Ingestion of both anti-malarials and study drugs was taken within < 20 minutes after enrolment and was directly observed for patients in hospital and capsule containers checked for the number of capsules left at each subsequent visit. Patients with severe malaria who were unable to take oral medication started oral thiamin or placebo (according to the randomization above) as soon as they were able to. Severe malaria was defined according to the World Health Organization [16].
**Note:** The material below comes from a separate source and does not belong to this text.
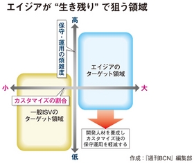 エイジアには秘策がある。「秘策」というと高等な戦略を想像するが、実をいえば同社の戦略は、他の多くのISVの逆を追求しているにすぎない。「パッケージにカスタマイズを加えることで、より使いやすい製品にする」(美濃)というやり方だ。どんな案件でも、ほぼすべてでカスタマイズを施す。過当競争が激しいECサイトにとっては、「競争力の源泉」と呼べる競合他社と異なる機能がほしい。「スクラッチ(手組み)したら、ユーザー企業の満足度は98~99%に跳ね上がった」と美濃は言う。カスタマイズを求める層の市場は「膨大にある」との見立てだ。
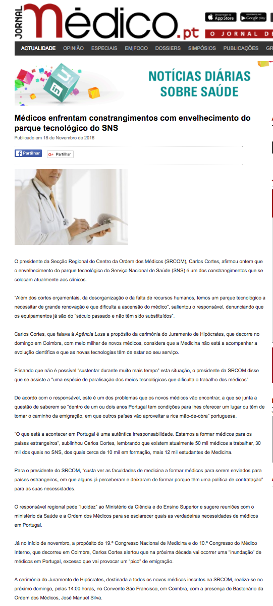 Médicos enfrentam constrangimentos com envelhecimento do parque tecnológico do SNS

Malaria was treated with the nationally recommended anti-malarials [17]. Patients with uncomplicated disease and pregnant patients in the 2nd or 3rd trimesters who were able to swallow tablets, were treated with artemether (20 mg)-lumefantrine (120 mg) (AL, Co-artem®, Novartis): one dose twice daily for three days. Dosing by body weight were one tablet if <15 kg, two tablets if 15–24 kg, three tablets if 25–34 kg, and four tablets if ≥35 kg. All patients were asked to take fatty food with the anti-malarial drugs and drug administration was directly observed by a study nurse. For children who could not swallow tablets, the appropriate drug dose was crushed and mixed with water and given in a syringe. Severe malaria patients were treated with artesunate (Guilin Pharmaceutical Co. Ltd.) 2.4 mg/kg IV stat, followed by 2.4 mg/kg IV at 12 hours and 24 hours and then daily until able to take oral medication when they were given artemether-lumefantrine for 3 days as above. Pregnant patients in the first trimester were given quinine (Thai Government Pharmaceutical Organization [GPO]) plus clindamycin (Thai GPO) (WHO 2006). Patients who had recurrent P. falciparum parasitaemia and did not have contraindications to mefloquine were treated with artesunate 4 mg/kg/day in single daily dose for 3 days (D0-D2) (Guilin Pharmaceutical Co. Ltd.) + mefloquine 15 mg/kg on D1 and 10 mg/kg on D2 in single daily doses (Lariam™, Roche Co.). Patients with contraindications to mefloquine and were aged >8 years, were treated with artesunate (as above) and doxycycline (Bangkok Lab & Cosmetic Co., Ltd, Bangkok, Thailand) 4 mg/kg/day for 7 days. Those who had P. vivax appearance during follow up were treated with chloroquine (Thai GPO) (25 mg base/kg) over three days and further followed up.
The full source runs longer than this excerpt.